Composting questions and answers
Founded in 1974, A1 Organics specializes in organic soils, certified composts and premium mulch and offers organic recycling services. The company processes and recycles more than 530,000 tons annually and sends more than 400,000 cubic yards of compost, mulch and soils to properties up and down Colorado’s Front Range.
Q. A1 Organics will celebrate its 50th anniversary next year. What has helped it last so long?
A. We spend a lot of time making the best product possible. We’re part of the U.S. Composting Council’s STA Certified Compost program. That means our compost is being tested, and we’re providing the data to customers so they know they’re getting the product they want. Volume is also a big deal. We can ship a few cubic yards or 5,000 cubic yards. If you have a big job, if you have a small job, we can do it. We also have four locations on the Front Range, we ship, and we have distribution partners, so we give people a lot of options to find us.
Q. What are the benefits of composting in Colorado?

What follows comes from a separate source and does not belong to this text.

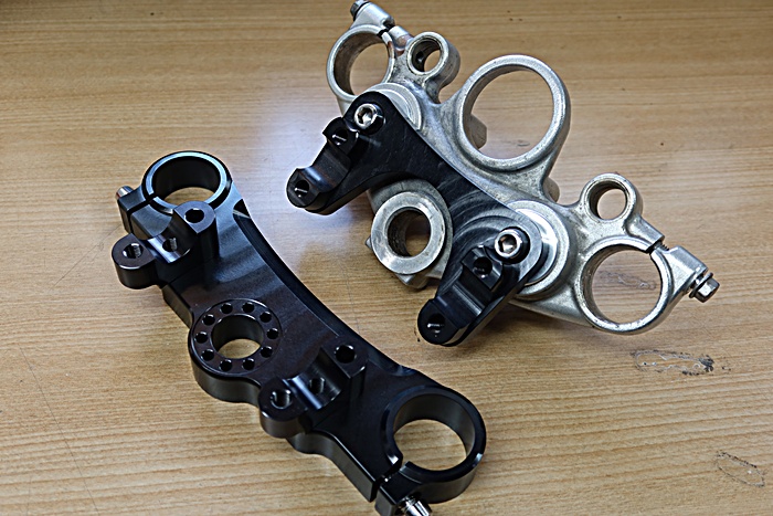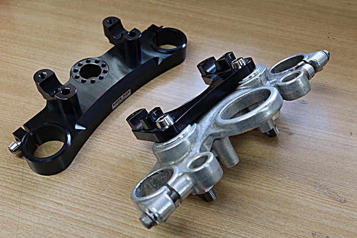 画像の黒色の製品は BORE-ACE 特殊ステムキットのトップブリッジになります

A. Compost isn’t just for your garden; it’s a soil amendment. It has three very big benefits. The first one is water retention. Adding compost to Colorado soils increases water retention by 27,000 gallons per acre, per 1% of organic matter added. We must preserve our water resources, and compost is a great way to do that. The second benefit is biological. Getting microbiology back in soils is going to create healthier, stronger plants that can naturally defend against disease. It’s like adding microbes to your gut. And the third benefit is carbon sequestration. Healthy soils create healthy plants to sequester more carbon from the air.
Q. How often should compost be applied?
A. It takes time to build soil. Just applying compost in the fall is a great start. But you also have to build your soil back with multiple applications over a few years. That’s when you start seeing all the benefits. The extra water retention helps protect again the effects of drought. When the plants are healthy, you can back off on the fertilizer some. A study found that simply using compost twice a year helped knock out more than 95 percent of necrotic ring spot, which is a very common lawn disease. A big concern that’s going on in Colorado is the push to remove turf. Replacing non-essential turf can be beneficial if replaced with low-water landscape, not rock. Better soil and lawn management practices too—like using compost, turning off sprinklers when there’s a rain event, and smart irrigation systems—can reduce water inputs dramatically.